Ann Telnaes has found success as a cartoonist and animator for The New Yorker and The Washington Post. Drawing by Graham Clark.

She was Ann Telnaes, best known for drawings regularly published by the New Yorker and Washington Post. Telnaes had recently given a piece of her mind to a notably less prestigious publication platform: the comments section of a colleague’s blog post. Although it was a mere comment on a mere blog post, it addressed the biggest issue facing contemporary political cartoonists head-on: they’re broke.

Or, as Telnaes phrases it: “the cycle of editorial cartoonists being paid practically nothing for their work.”

She was defending her choice not to donate to a fellow cartoonist’s crowdsourcing fundraiser. He, Bill Day, is a relatively established political cartoonist. Though his work has already been licensed for syndication through digital and print channels, evidently the income he received for his work no longer covered his living expenses.

Telnaes is something of a rarity, uncommon for the typical cartoonist in a number of ways. Among them is her success—including her New Yorker work, she has been noting as an outstanding artist, cartoonist and caricaturist in many ways. The creator of the “Pretty Good Cartoon” Tumblr page, a consistent and biting site for criticism of modern political cartoons, says that Telnaes is distinguished by her ability to “Draw the best Scalia.”

Telnaes comment read, in full: “It’s troubling that people are asked by the syndicate to donate money for a cartoonist to continue working for that syndicate, which in turn continues the cycle of editorial cartoonists being paid practically nothing for their work.”

It’s a disservice to everyone involved to have caricatures—base, cartoon portraits— stricken from the news media industry. We’re not quite there. But they’re so typically banished to the margins, while other forms of graphic storytelling are undergoing periods of innovation in content and distribution.
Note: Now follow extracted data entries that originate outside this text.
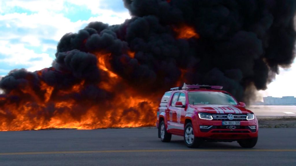 أجرت إدارة مطار اسطنبول الكبير تدريبات واسعة النطاق على إخماد حريق في طائرة ركاب مدنية، ولم يكن بالإمكان- للوهلة الأولى- تفريق التدريب عن الحقيقة.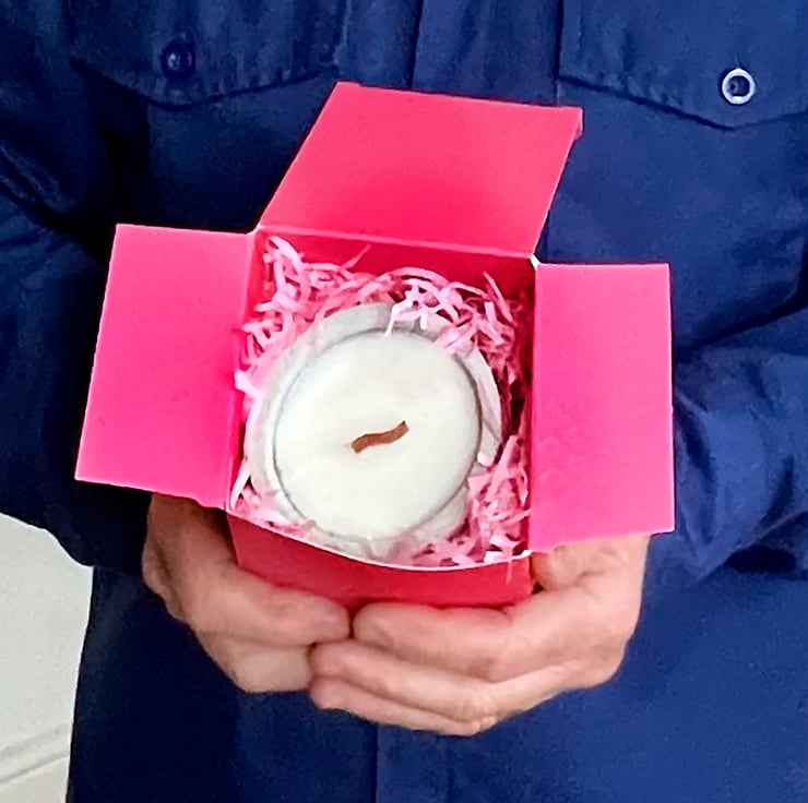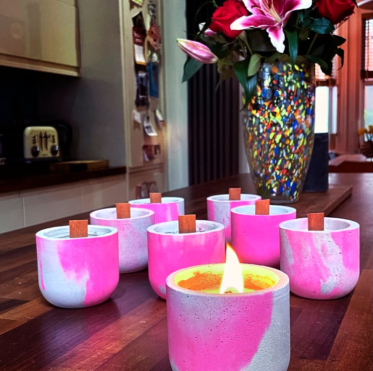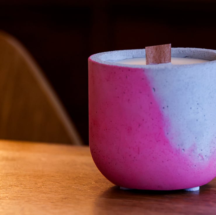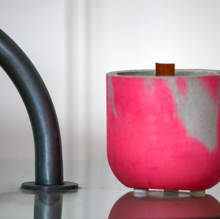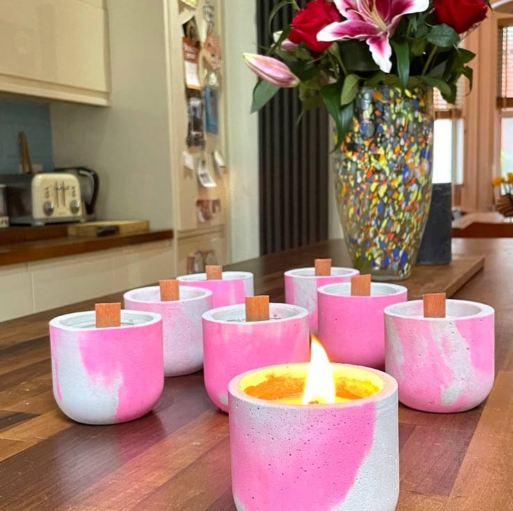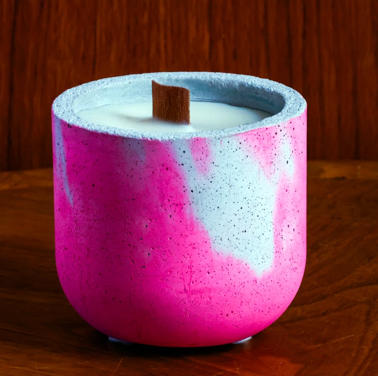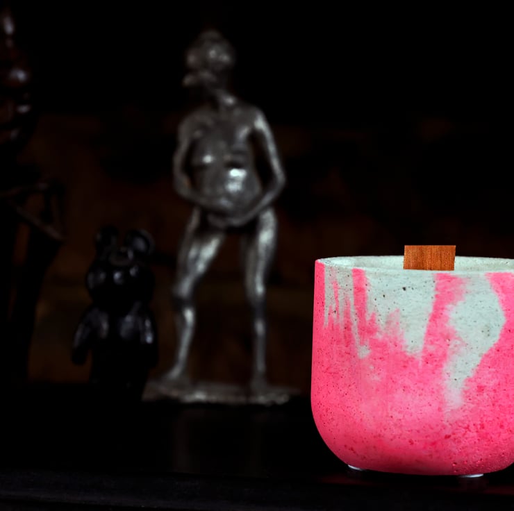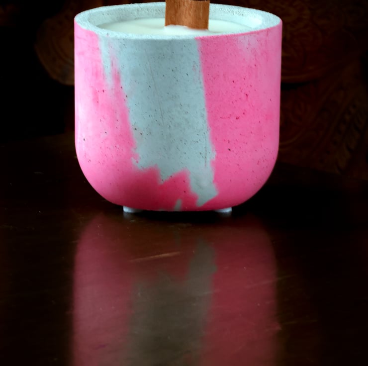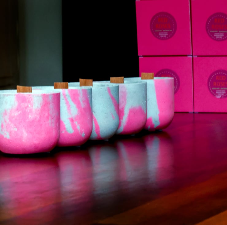 grey and pink concrete cast candle holder with red roses scented soy wax, each candle holder has been individually cast and it is unique and different to the rest. Due to the casting process the candles may have small imperfections, The was is soy and it is eco plant based. The dimension are 8.5 cm diameter by 8 cm high. The wick is wood and the burning time is 0ver 24 hours. they come packed in a pink box with pink packaging As always do not leave the candles unatended and do not burn them for longer than three hours.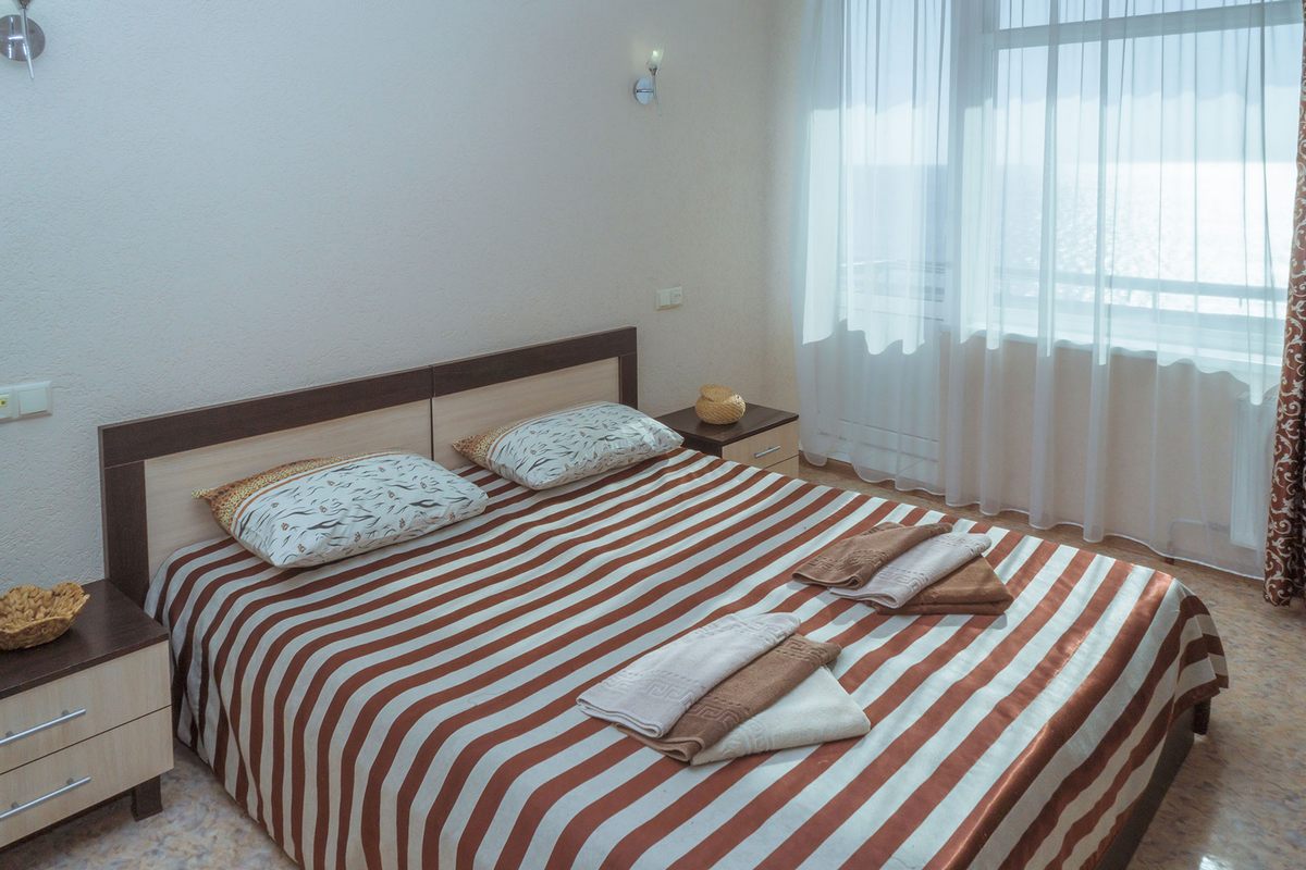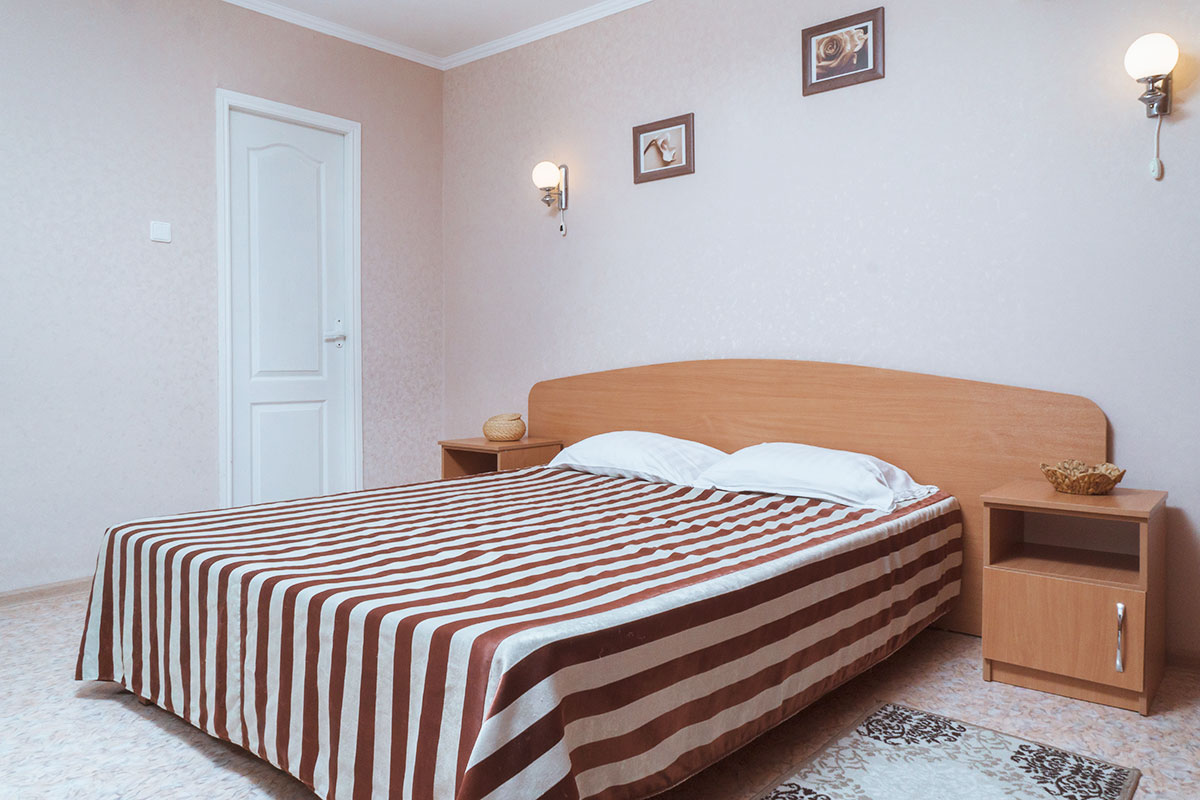 В номере: две комнаты: спальня и гостиная, 2-х спальная кровать, прикроватные тумбы, 2 кресла, журнальный столик, шкаф, телевизор, холодильник, слит-система, утюг и гладильная доска, чайник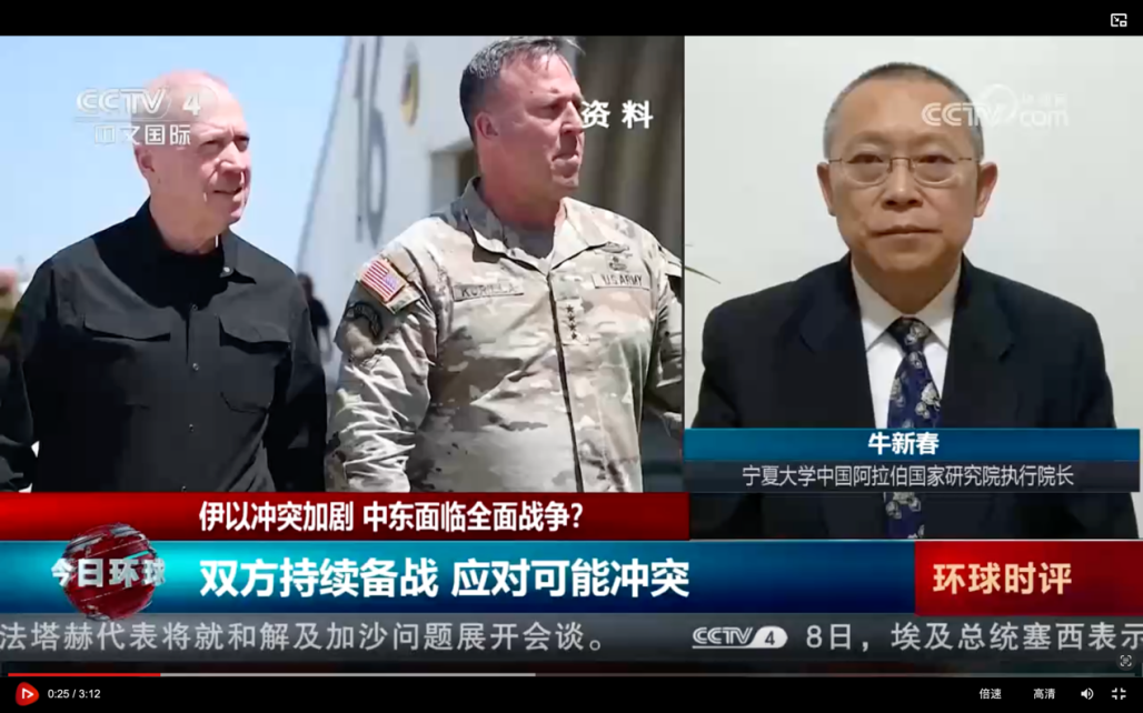 环球娱乐 学术副校长、中国阿拉伯国家研究院执行院长,中国中东学会副会长、中国人民外交学会理事牛新春教授接受了中央电视台等主流媒体的采访,就伊以、黎以冲突及趋势进行了分析和解读。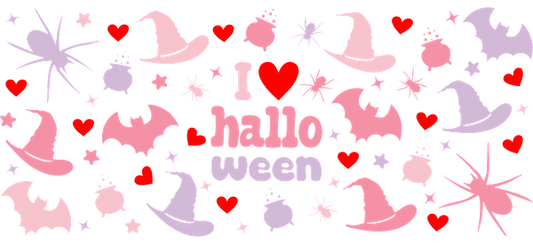 A playful Halloween-themed design featuring colorful witches' hats, hearts, bats, and spiders, proclaiming "I love Halloween."UV Transfersdtf regular iron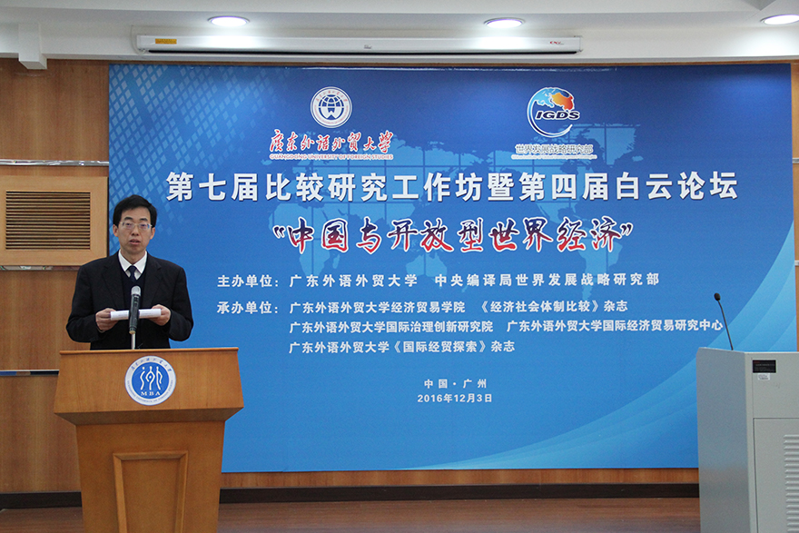 校新闻网讯 为了更好地认识新常态下世界和中国经贸发展的新态势,分析后危机时代全球经贸的新动向,提出促进中国经贸平稳健康发展的对策推动中国经济的发展贡献智慧,12月3日,第七届比较研究工作坊暨第四届白云论坛“中国与开放型世界经济”学术研讨会在公司北校区MBA楼丝纺讲堂举行。出席本次研讨会的有中国世界贸易研究会会长、原商务部副部长、我国驻WTO首任大使孙振宇,中央编译局副局长季正聚,国家外国专家局中国国际人才交流基金会主任苏光明、对外经济贸易大学副董事长林桂军、中央编译局世界发展战略研究部副主任、《经济社会体制比较》杂志主编丁开杰、人民日报社《内部参考》主编辛本健,公司党委常委、副董事长何传添等。会议由太阳城集团经理张建武主持。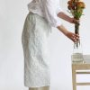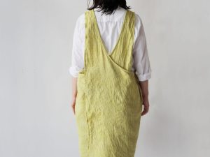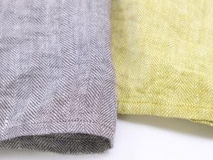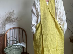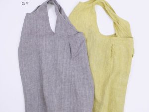 100%亞麻圍裙,細看有人字紋的圖形。此款除了特殊的免綁帶交叉設計以外,口袋像一般外出服一樣做在兩邊,非常符合人體工學。

Either caricatures are a useless holdover from a previous era of news, or they’re a rarely mastered, timeless art. They’re supposed to be immediately accessible—one of comics’ advantages as a form of storytelling has always been the relatively low technical threshold facing would-be cartoonists. So that makes it even harder to imagine caricature as a diamond-in-the-rough kind of communication, practiced by a rarified, devoted, true masters of the craft.

So what are caricatures: vestigial artifact or artisan craft?

The people with the most hands-on, real-world experience doing caricatures aren’t on panels at book conventions. Nor are they trolling online comment boards. They’re occupying lawn chairs and working easels at hokey tourist destinations across the globe, like Michael Mickle.

Mickle has been a professional caricaturist for 45 years, solely supporting himself by drawing people with funny faces that entire time. He holds down a post on the beach near his home base in Santa Barbara. He knows exactly where the issue facing political cartoonists and caricaturists lies: in his bank account.

“The general opinion is we’re not getting as much work anymore,” Mickle says. “It used to be that magazines had a lot more really good caricatures on the covers. You don’t see that any more. It’s a sign of the times. I would say, the caricature, though it’s been around since the 15th century and was used to really lambast the ruling class, you don’t see that any more.”

He names two personal friends who had to stop practicing the craft and find new sources of income. “I’m the only one who’s lasted that I know.”